POV: Gender-Affirming Care is Under Siege
Laws prohibiting care will harm, not help, trans and gender diverse youth
POV: Gender-Affirming Care is Under Siege
Laws prohibiting care will harm, not help, trans and gender-diverse youth
A tsunami of anti-LGBTQIA+ legislative efforts is currently sweeping across the United States. Under the misguided notion that restricting gender-affirming care “protects children,” 12 states have enacted laws restricting or banning access to gender-affirming care for minors, including Alabama, Arkansas, Arizona, Florida, Georgia, Idaho, Iowa, Kentucky, Mississippi, Tennessee, Utah, South Dakota, and West Virginia.
As these laws proliferate, dangerous and cavalier language has taken hold in public forums, with insufficient care paid to what it might incite. In March, , Daily Wire host Michael Knowles, speaking at the Conservative Political Action Conference, advised the audience, “For the good of society… transgenderism must be eradicated from public life entirely—the whole preposterous ideology, at every level.” These callous calls to ban the very existence of transgender people have the potential to drive an increase in violence against an already marginalized community.
Recently in Kentucky, the Republican-dominated legislature voted overwhelmingly in favor of overturning Democratic Governor Andy Beshear’s veto of the most severe anti-trans bill to date (Kentucky SB 150). The resulting law, which will go into effect in June, will have chilling effects for all Trans & Gender Diverse (TGD) citizens in Kentucky. The bill creates multiple restrictions and regulations designed to ensure that Transgender and Gender Diverse youth cannot access gender-affirming healthcare. It requires medical providers to detransition minors who have already been accessing affirming care, requires school districts to forbid students from using the bathroom associated with their gender identities, forbids school districts from requiring or even recommending the use of a youth’s preferred name/pronouns, and limits what can be discussed in schools, specifically banning lessons at all grade levels related to gender identity or sexual orientation.
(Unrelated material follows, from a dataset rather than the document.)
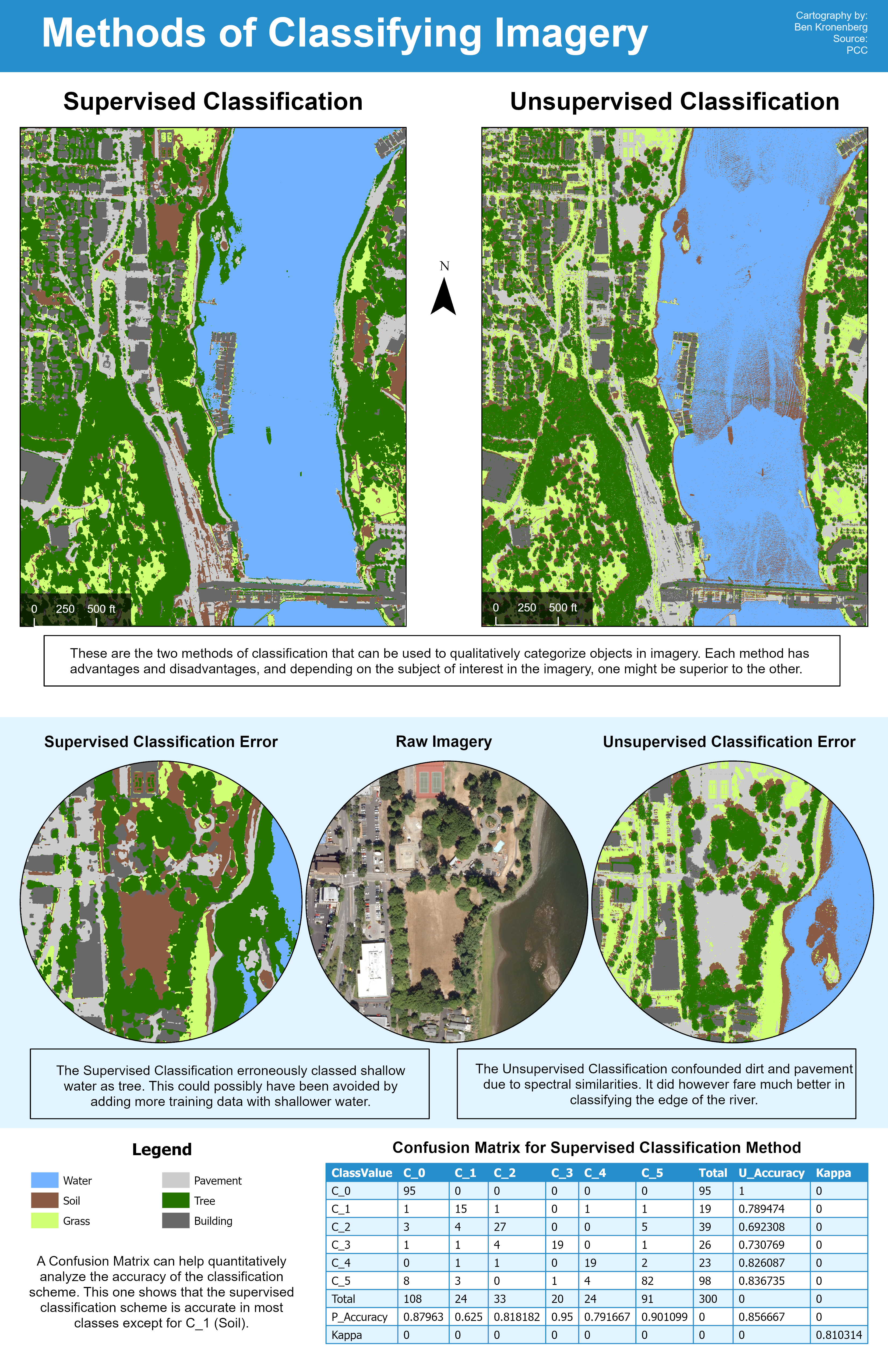 In order to draw significance from and run computations on satellite imagery, image classification can be employed to categorize the content with distinct values. This school lab exhibited two methods of classification: Supervised and Unsupervised. Depending on one’s needs, different methods may be preferred. A Confusion Matrix shows the accuracy of the classification scheme using known values.

The rapid rise in laws, book bans, and education reform targeting youth members of the TGD community is fueled by fear mongering that erroneously equates the TGD community’s modest increases in visibility with a social contagion that threatens to engulf the nation’s youth. While the social contagion theory has been disproven, the inherent bias underlying this anti-trans rhetoric—that TGD identities are not valid and are something to be contained and controlled to prevent contamination of cisgender youth —still has a societal hold. Increasing public discourse might have brought more attention to TGD communities, but it did not create them. TGD people have been recorded throughout history and modern-day erasure is not proof of non-existence.
Many proponents of anti-trans legislation claim fear of regret as a pressing concern when pursuing gender-affirming care; however, data clearly state that the rates of regret amongst TGD communities are minor (1 percent) when compared with plastic surgery or other commonly accepted procedures. In fact, evidence clearly shows that gender-affirming care is life-saving care. Extensive research shows that those who are able to access gender-affirming care experience reduced symptoms of depression and anxiety, decreased substance use, improved self-esteem, and an overall reduction in suicidality. Limiting access is dangerous. Laws prohibiting gender-affirming care will harm, not help, youth.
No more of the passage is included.